§ Assignment: Below are the records; return exactly the lines from the one with "그렇게 감기에 걸린 주인공" through the final line, both included, minus any pictures.

============================================================

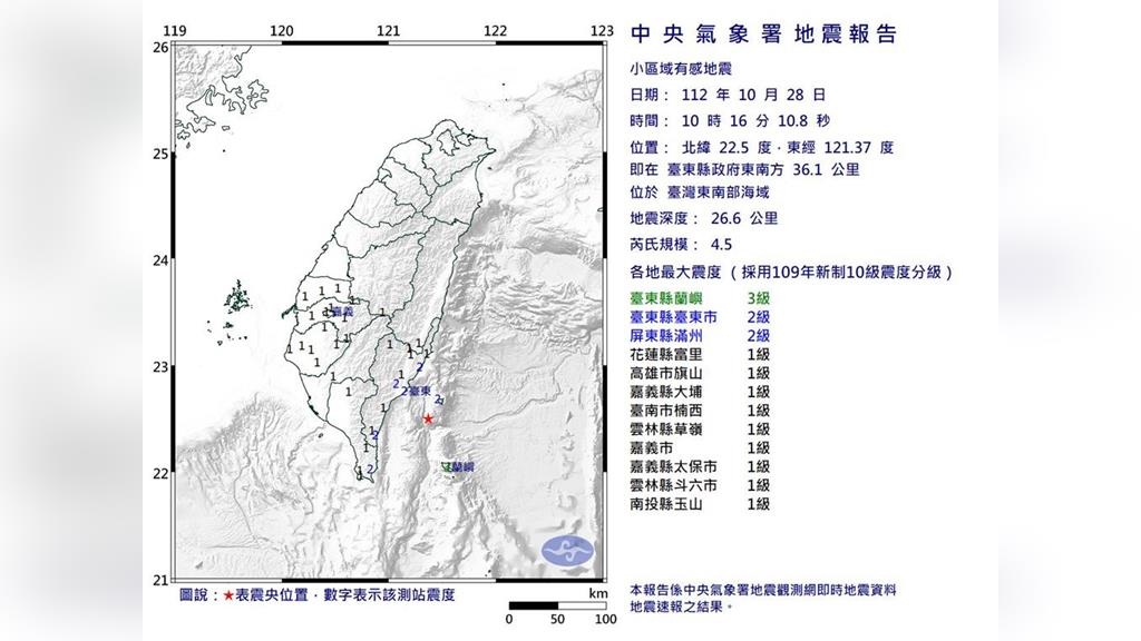 根據中央氣象署資料,台灣東南部海域今(28)日上午10時16分發生有感地震,震央位於台東縣府東南方36.1公里處,芮氏規模4.5,深度26.6公里,各地最大震度蘭嶼、台東3級;屏東2級;花蓮、高雄、嘉義、台南、雲林、南投1級。
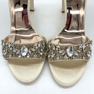 Badgley Mischka Women's Barby Ivory Satin Jeweled Heels New
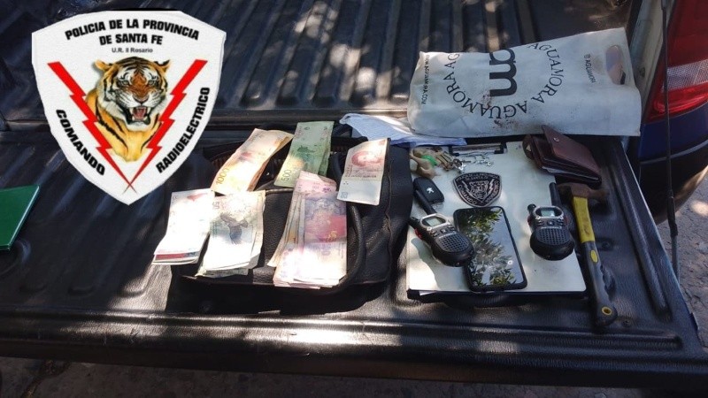 En el vehículo fueron secuestrados dos handies inhibidores, un martillo, una cartera, un celular marca Samsung color negro con funda de silicona y las pertenencias de la mujer asaltada poco antes.
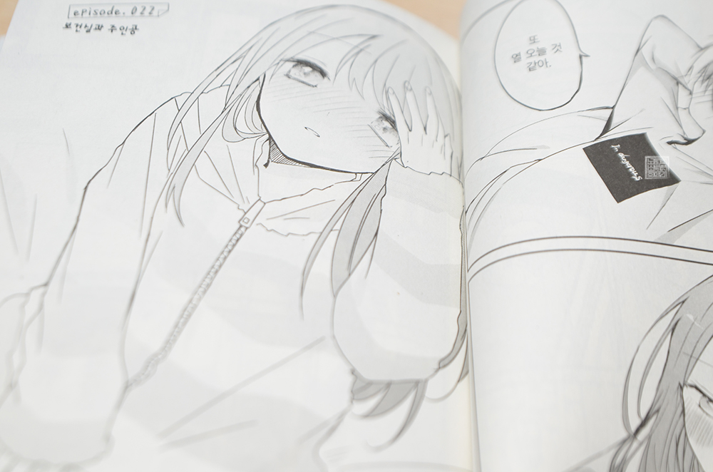 그렇게 감기에 걸린 주인공 시라이시와 이모티콘을 주고받는 이야기로 시작한 만화 <쿠보 양은 나를 내버려두지 않아 3권>은 살짝 열이 오른 쿠보를 보건실에 데려다주는 시라이시의 모습을 비롯해 다양한 모습을 볼 수 있다. 개인적으로 보기 좋았던 여러 장면 중 하나는 역시 같이 우산을 쓰고 가는 장면일까?
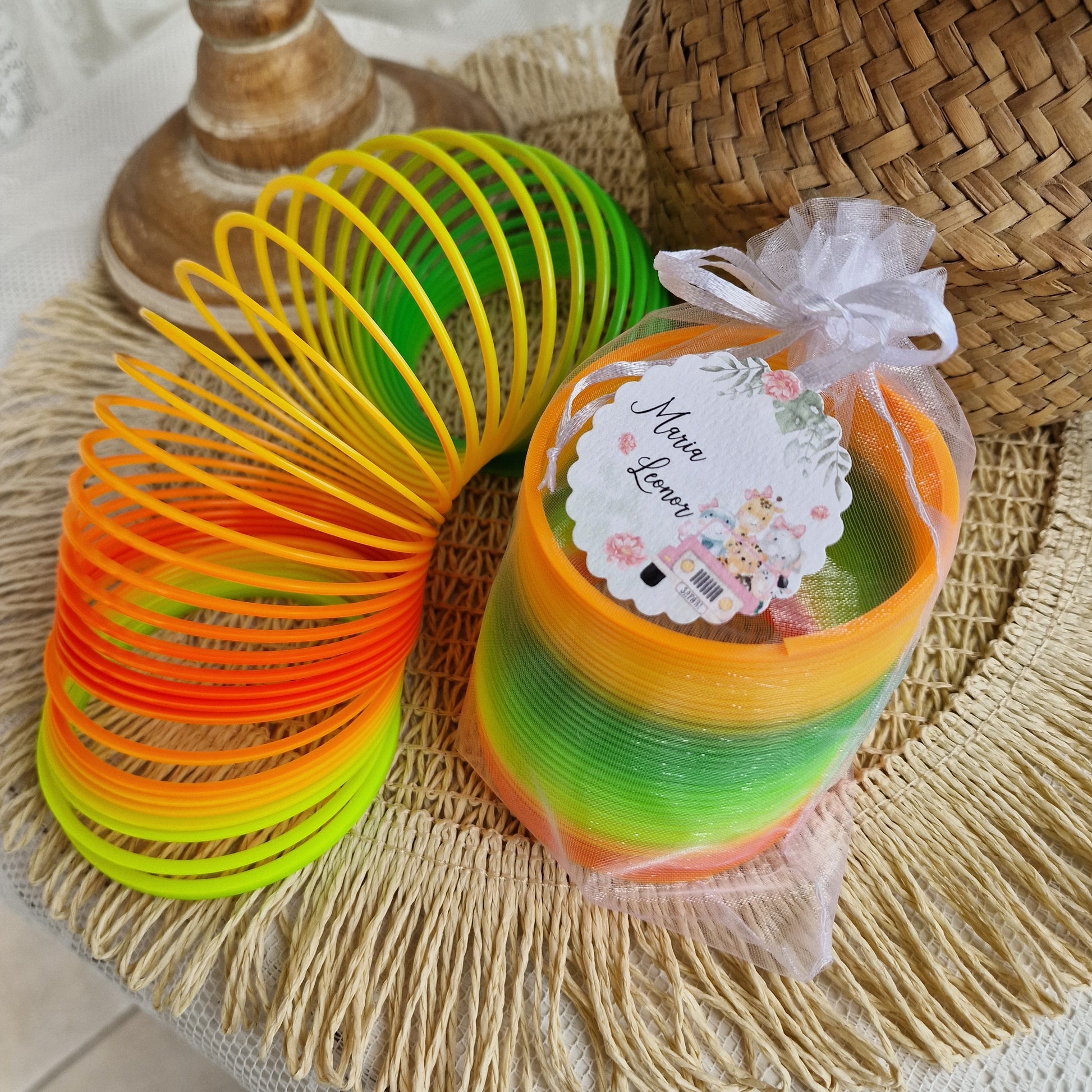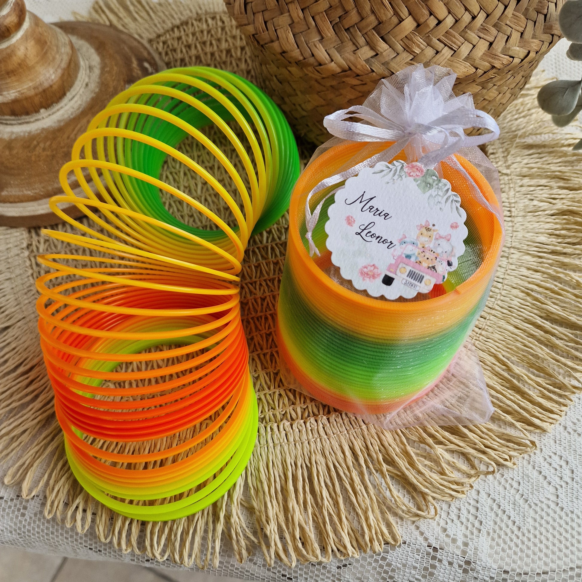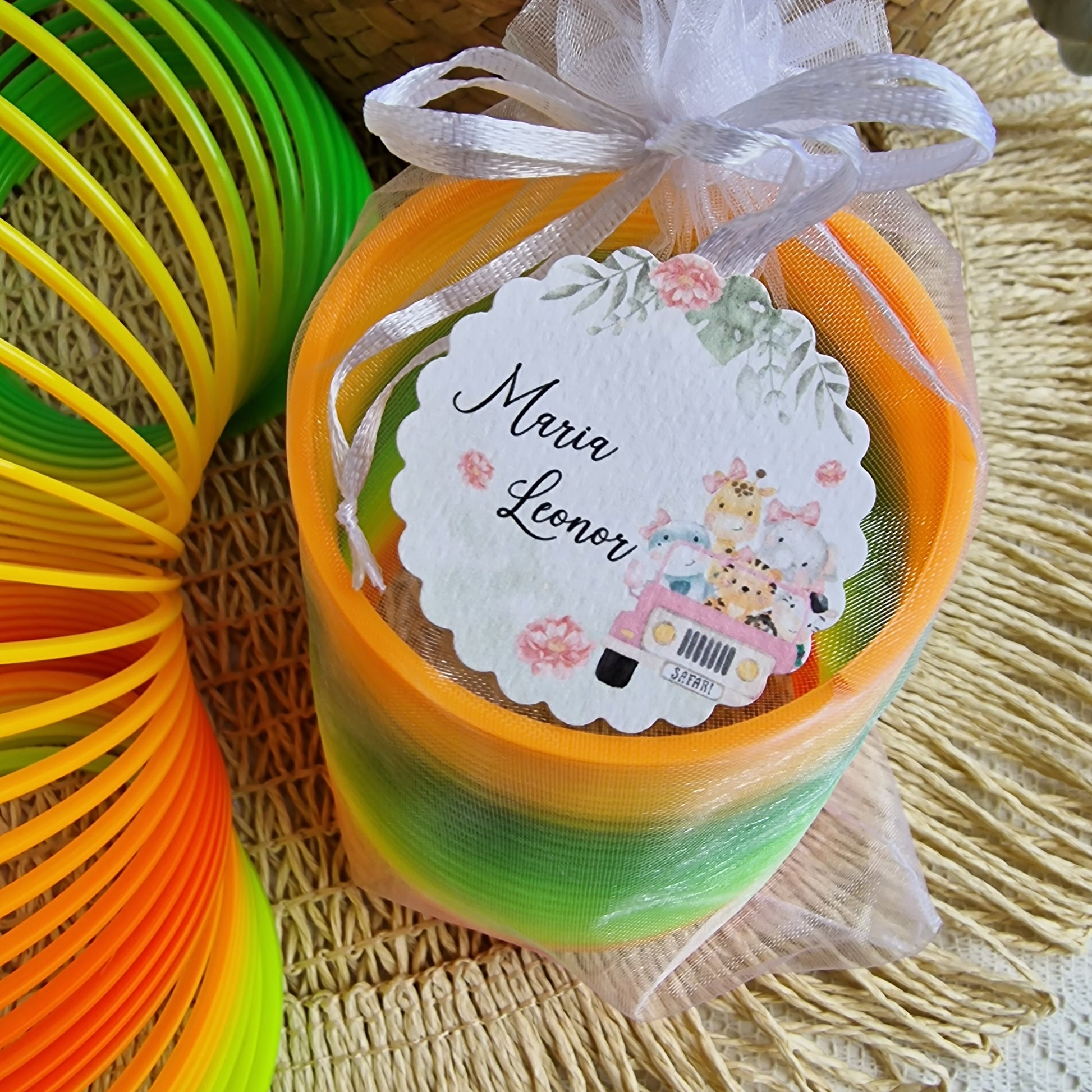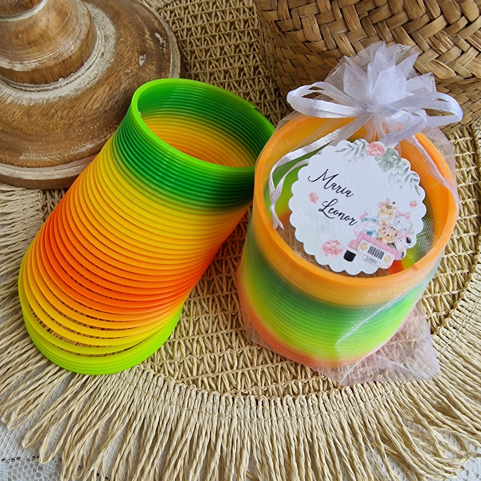 Brinquedo aros coloridos com saquinho de organza e etiqueta incluída

============================================================

§ Completed exercise:
 그렇게 감기에 걸린 주인공 시라이시와 이모티콘을 주고받는 이야기로 시작한 만화 <쿠보 양은 나를 내버려두지 않아 3권>은 살짝 열이 오른 쿠보를 보건실에 데려다주는 시라이시의 모습을 비롯해 다양한 모습을 볼 수 있다. 개인적으로 보기 좋았던 여러 장면 중 하나는 역시 같이 우산을 쓰고 가는 장면일까?
 Brinquedo aros coloridos com saquinho de organza e etiqueta incluída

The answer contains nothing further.